Надо сказать, что, опять-таки, между этими добродетелями – смирением и терпением – есть самая непосредственная связь. Как говорил святой Илия Экдик, дом души – это терпение, а пища души – смирение. Когда у человека не хватает пищи, то он выходит из своего дома, то есть когда у человека не хватает смирения, то он выходит из состояния терпения: тогда он взрывается, тогда он гневается, тогда он обрушивается на тех, кто его окружает, или на самого себя, если его никто не окружает. На самом деле, человек может раздражаться на кого угодно и на что угодно: не будет на кого гневаться – он будет гневаться на себя или на какой-то неодушевленный предмет. Есть такой замечательный и тоже патериковый пример: некий брат постоянно гневался и раздражался, живя в монастыре, и решил уйти в пустыню, потому что там выводить его из себя было бы некому. У него был кувшин, в который он набирал воду, и однажды этот кувшин упал и вода разлилась. И еще раз это произошло. И еще… И брат этот обрушил на кувшин весь свой гнев, разбил его вдребезги, высказал ему, наверное, при этом всё, что на душе было… и понял, что надо возвращаться в монастырь, потому что жизнь в пустыне никоим образом его не изменила. А вот жизнь среди себе подобных – жизнь среди людей – скорее в этом направлении меняет человека, поскольку она позволяет постоянно видеть, каковы мы на самом деле. Люди нас постоянно задевают, и мы проявляемся во всей своей красе тут же. Но для человека невнимательного к себе эти проявления служат только поводом для расстройства – не столько из-за себя, сколько из-за ближнего, – а человеку, который себе внимает, все эти эпизоды помогают понять, каков он в настоящий момент. Допустим, меня задели каким-то словом, я воспламенился от этого, разгневался, раздражился, полдня об этом думал – и потом задумался о другом: о том, что на самом деле я еще и не начинал шествие по пути спасения, потому что, оказывается, в таком ветхом состоянии нахожусь. Но это не страшно: по крайней мере, я это понял, и у меня есть возможность сегодня начать. Вот эта возможность – один из главных даров, которые Господь нам в Церкви дает: можно раскаяться и все начать сначала.
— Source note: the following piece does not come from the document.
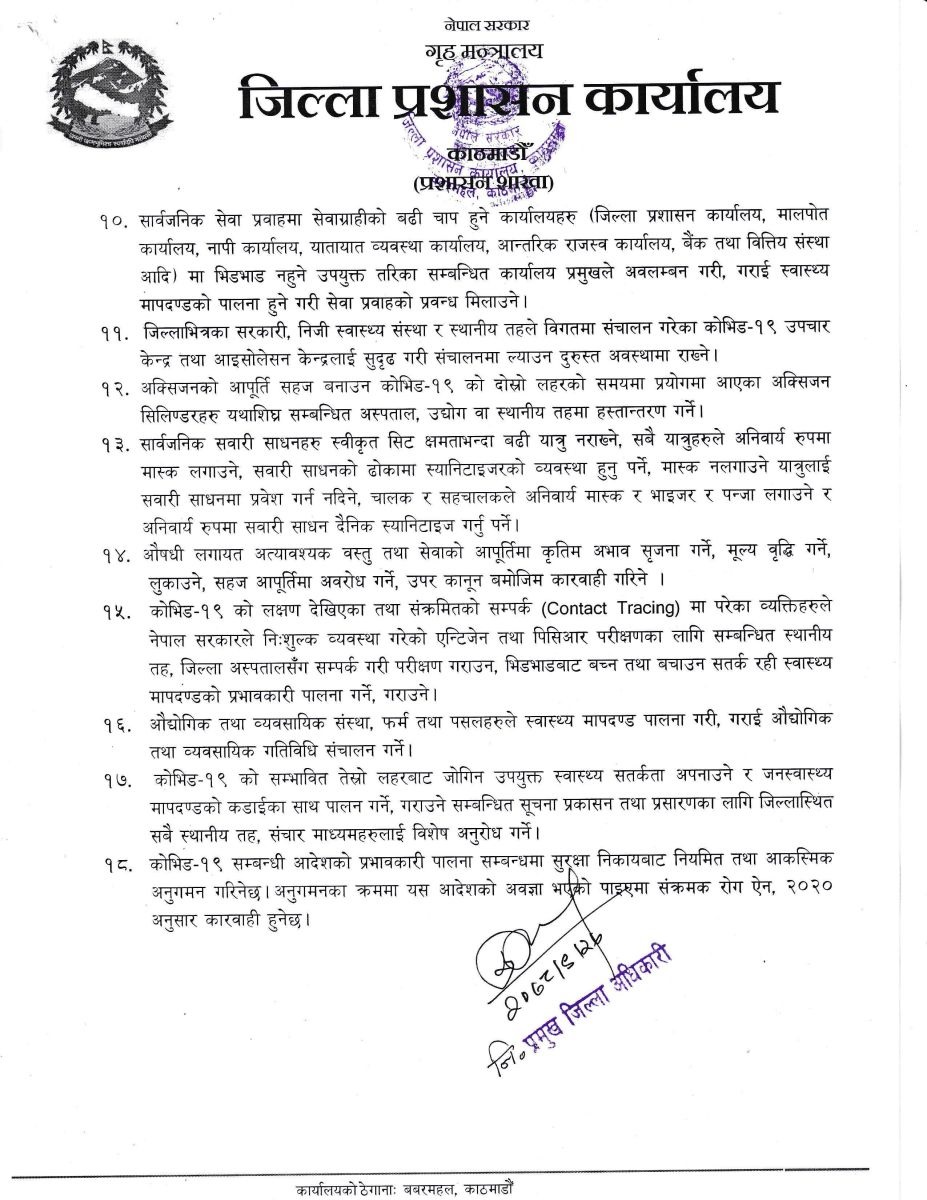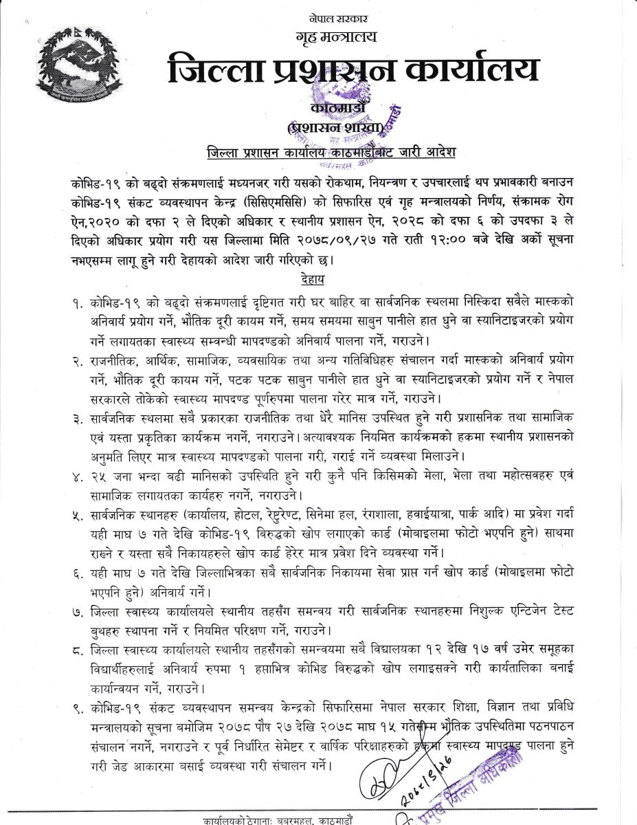 काठमाडौँ, ललितपुर र भक्तपुरका प्रमुख जिल्ला अधिकारीहरूको बैठकले सार्वजनिक स्थानमा २५ जनाभन्दा बढी भेला हुन नपाइने निर्णय गरेको हो । यो निर्णयसँगै भेला, सम्मेलन, जुलुस निकाल्न रोक लागेको छ ।

Каждое мгновение жизни в вечности – это мгновение нового откровения любви.
И наконец, просит преподобный Ефрем, чтобы Господь даровал ему дух любви. Любовь – это высшая из всех христианских добродетелей, и говорит апостол Павел, что и вера важна, и надежда важна, но любовь выше всего[5]. Потому что настанет время, когда в вере уже не будет необходимости и в надежде не будет необходимости тоже. Это время, когда мы предстанем перед Богом и встретимся с Ним лицом к лицу. Мы будем видеть Бога уже очевидным образом – где здесь будет место для веры? Где будет место тогда для надежды? Вот перед нами Господь, и уже не нужно надеяться, потому что всё исполнилось, не нужно верить, потому что всё очевидно. Но любовь не упраздняется, и именно она становится содержанием жизни человека в вечности. Можно сказать, что именно любовь определяет и судьбу человека в вечности: если он научился любить Бога и научился любить людей, то это и есть тот рай, который он наследует по исшествии из этого мира. Собственно говоря, рай – это любовь, тут можно, наверное, даже поставить знак равенства. Человек будет жить в любви с Богом и с людьми. Но земная любовь в какой-то момент достигает своего пика, а любовь вечная не может достичь некоей высшей точки, она постоянно в человеке нарастает. Каждый, кто когда-либо любил, знает, что любовь – это самая большая радость, какая у человека только может быть. Но любовь земная очень быстро уходит: есть много вещей в нас самих, которые ее убивают, и есть масса вещей в других людях, которые убивают любовь и в них, и в нас. Как говорит Господь в Евангелии, любовь оскудевает за умножение беззаконий. А в вечности любовь не оскудеет, она всегда будет только приумножаться. И каждое мгновение жизни в вечности – это и есть мгновение нового откровения любви, нового счастья, до того не испытанного.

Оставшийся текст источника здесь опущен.